Je suis sensible à joie de mon frère, la douleur de mes parents, et la méprise d'Alo.
Mais la condescendance de Cora, les remords de Yann, et la nervosité de Johanna me passent au-dessus de la tête, comme un petit courant d'air que je m'efforce d'ignorer en me couvrant encore un peu plus du tissu de l'indifférence.

Ce jour-là, je me décide enfin à rendre ses vêtements, lavés et repassés, à Alo. J'aurais bien aimé le faire entre deux heures de cours, mais il n'est pas venu en classe. Je crois bien que c'est la première fois que cela arrive, d'ailleurs.
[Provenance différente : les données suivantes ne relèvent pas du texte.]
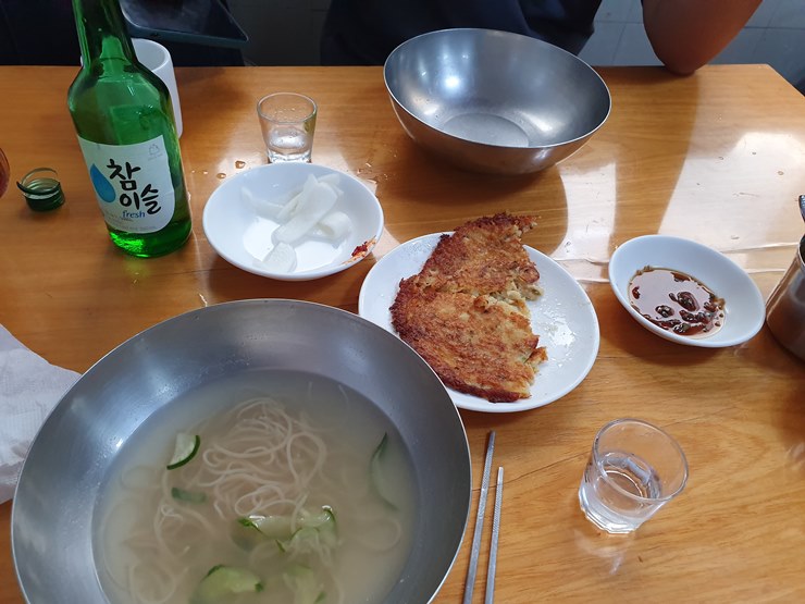 닭무침 대신 물냉면 2그릇에 빈대떡을 시켰습니다.

Remarquer son absence m'avait fait bizarre, parce qu'en général, qu'il soit là ou non, cela ne changeait quasiment rien. Son silence ne témoigne ni de sa présence, ni de son absence, et il n'y a que quelques soupirs las émanant de ses lèvres qui puissent me rappeler de son existence matérielle, à quelques tables à ma droite. Je me souviens alors avoir quelque fois, lancé un regard en la direction de ce garçon dont la discrétion s'apparente peut-être à un état fantomatique.
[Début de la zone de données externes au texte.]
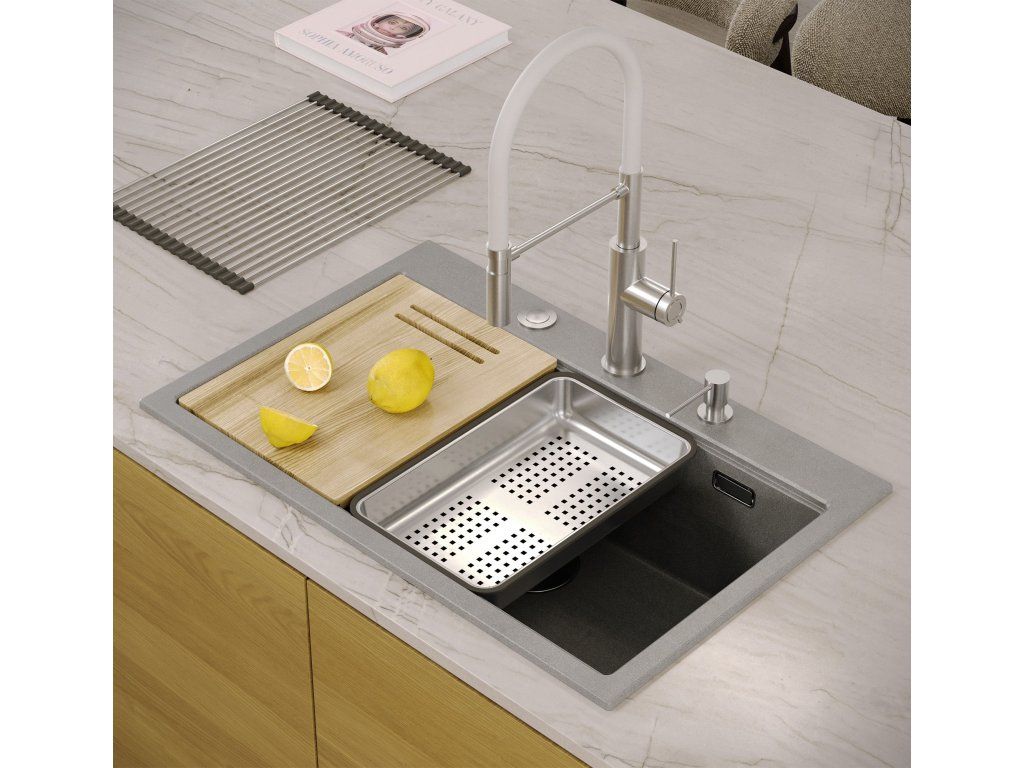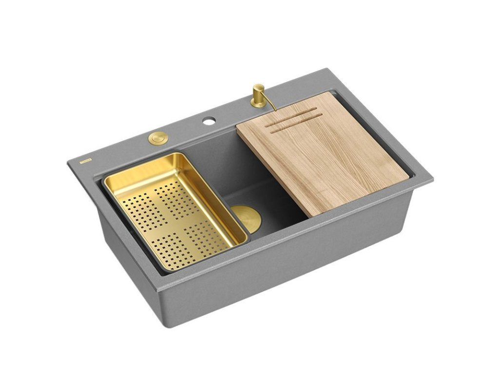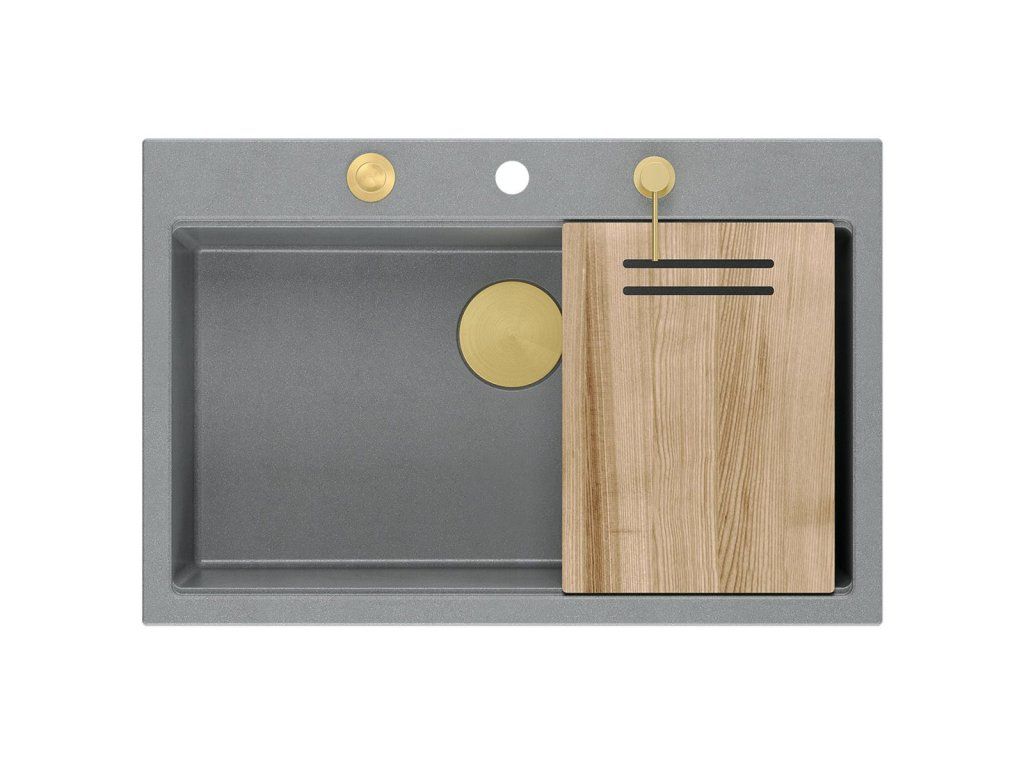 Dranitový drez vyrobený s minimalistickým moderným vzhľadom zapadne do aranžmánu každej kuchyne. Hlboká a priestranná komora zaisťuje vysoký komfort používania. Umývadlo, ktoré ponúkame, je skvelou voľbou pre zákazníkov, ktorí ocenia kvalitu a spracovanie. Nadčasový tvar, použitie prvotriednych materiálov a technológií, skvelý dizajn a kompatibilita použitých riešení zaručujú dokonalý konečný výsledok a vyplnia každý kuchynský priestor. K dispozícii sú rôzne farebné varianty. Tento model je veľmi bohato vybavený doplnkovými kuchynskými doplnkami. Drez je dodávaný s dávkovačom tekutín, bambusovou doskou na krájanie, odkvapkávačom a valcovanou oceľovo-silikónovou podložkou (nie je súčasťou sady v zlatej a medenej variante).Dodatočné parametre

Alo est souvent perdu dans ses pensées, ailleurs, regardant à travers la fenêtre. Son regard semble chercher quelque chose dans l'immensité du vide, quelque chose d'infiniment petit, qu'il ne peut atteindre de sa main que je devine parfois tremblante – après tout, il ne mange pas beaucoup. Lorsque qu'il semble s'éloigner du reste du monde, c'est à ce moment-là qu'Alo semble le plus calme. Cette mine inquiète, froide, quitte son visage pendant ces quelques secondes, et j'ai parfois l'impression de deviner un calme indescriptible détendre ses traits d'habitude si durs. Ses paupières battent à une mesure lente, ses cils frôlent les particules d'air avec une tendresse toute particulière. En classe, il est forcé d'enlever son bonnet, par respect pour le professeur. Et je perçois alors la danse de ses mèches folles, s'amusant avec la brise s'évadant par la fenêtre.
Avant que tout ceci n'arrive, je me surprenais, oui, à l'observer comme on observe un feu de forêt.
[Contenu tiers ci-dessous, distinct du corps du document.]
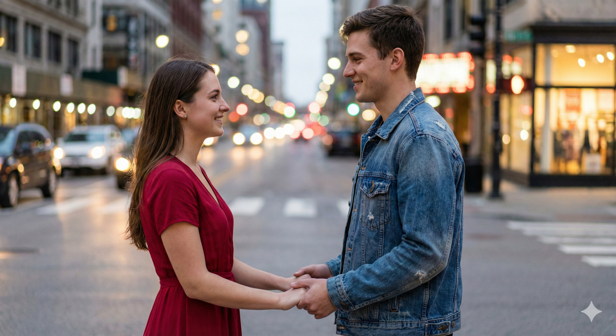 1. Ultra-realistic portrait of a couple holding hands, city lights blurred background. Girl in red dress, boy in denim jacket, both smiling softly and looking at each other. Maintain original faces for authenticity.

De loin, jamais trop près, de peur de se brûler.

Mais ces derniers temps, je me suis ouverte à la reconnaissance de sa présence, à force de lui parler quelques rares fois. Alors, cette place vide près de la fenêtre m'intrigue.
Alo n'est jamais absent. Je me doute qu'il y ait une raison à cette exception.
Depuis que je l'ai aperçu entrer dans l'immeuble de Mlle Maurrel, je ne peux m'empêcher d'imaginer une centaine de scénarii face à sa condition.
Et si son absence ne se résume finalement pas à une simple maladie ?

Enfin, passons. Je me dis alors que, puisque je n'ai pas pu lui rendre ses vêtements pendant les cours, je pourrais passer à la librairie, le seul autre endroit où je peux le trouver. Et s'il n'y est pas non plus, tant pis, il attendra encore quelques jours.
Même si je ne suis pas certaine qu'il s'attende réellement à ce que je lui rende ses vêtements.